Data for review

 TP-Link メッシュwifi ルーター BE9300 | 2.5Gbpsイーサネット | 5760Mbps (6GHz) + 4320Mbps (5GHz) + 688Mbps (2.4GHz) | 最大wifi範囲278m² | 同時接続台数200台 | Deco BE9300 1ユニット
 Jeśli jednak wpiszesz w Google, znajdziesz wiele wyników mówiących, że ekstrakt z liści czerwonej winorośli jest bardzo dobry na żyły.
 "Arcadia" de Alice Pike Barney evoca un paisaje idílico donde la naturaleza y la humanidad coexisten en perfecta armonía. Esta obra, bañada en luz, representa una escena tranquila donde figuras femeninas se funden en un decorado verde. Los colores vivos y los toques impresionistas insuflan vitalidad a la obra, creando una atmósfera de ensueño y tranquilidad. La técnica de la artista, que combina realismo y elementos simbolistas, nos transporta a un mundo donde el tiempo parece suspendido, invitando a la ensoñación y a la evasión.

---

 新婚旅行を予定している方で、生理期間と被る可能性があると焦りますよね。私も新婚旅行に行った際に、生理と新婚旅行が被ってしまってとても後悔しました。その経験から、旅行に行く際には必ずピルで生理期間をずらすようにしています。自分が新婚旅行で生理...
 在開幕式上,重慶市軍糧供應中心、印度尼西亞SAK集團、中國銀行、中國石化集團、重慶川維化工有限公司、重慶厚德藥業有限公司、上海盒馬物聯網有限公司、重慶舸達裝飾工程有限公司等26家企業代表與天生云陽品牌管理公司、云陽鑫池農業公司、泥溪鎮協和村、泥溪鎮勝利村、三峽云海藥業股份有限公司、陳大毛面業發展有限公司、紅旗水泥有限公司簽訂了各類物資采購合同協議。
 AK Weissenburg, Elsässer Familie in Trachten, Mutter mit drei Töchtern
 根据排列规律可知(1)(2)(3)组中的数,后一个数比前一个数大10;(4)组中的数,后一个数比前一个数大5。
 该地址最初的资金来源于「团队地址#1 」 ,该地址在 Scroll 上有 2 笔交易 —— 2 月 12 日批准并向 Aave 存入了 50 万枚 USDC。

What you are asked to do
Please output the lines of the listing above that fall in the stretch from the one with "新婚旅行を予定している方で、" through the one with "该地址最初的资金来源于「团队地址#1 」 ,该地址在", exactly and only those.

Exercise answer
 新婚旅行を予定している方で、生理期間と被る可能性があると焦りますよね。私も新婚旅行に行った際に、生理と新婚旅行が被ってしまってとても後悔しました。その経験から、旅行に行く際には必ずピルで生理期間をずらすようにしています。自分が新婚旅行で生理...
 在開幕式上,重慶市軍糧供應中心、印度尼西亞SAK集團、中國銀行、中國石化集團、重慶川維化工有限公司、重慶厚德藥業有限公司、上海盒馬物聯網有限公司、重慶舸達裝飾工程有限公司等26家企業代表與天生云陽品牌管理公司、云陽鑫池農業公司、泥溪鎮協和村、泥溪鎮勝利村、三峽云海藥業股份有限公司、陳大毛面業發展有限公司、紅旗水泥有限公司簽訂了各類物資采購合同協議。
 AK Weissenburg, Elsässer Familie in Trachten, Mutter mit drei Töchtern
 根据排列规律可知(1)(2)(3)组中的数,后一个数比前一个数大10;(4)组中的数,后一个数比前一个数大5。
 该地址最初的资金来源于「团队地址#1 」 ,该地址在 Scroll 上有 2 笔交易 —— 2 月 12 日批准并向 Aave 存入了 50 万枚 USDC。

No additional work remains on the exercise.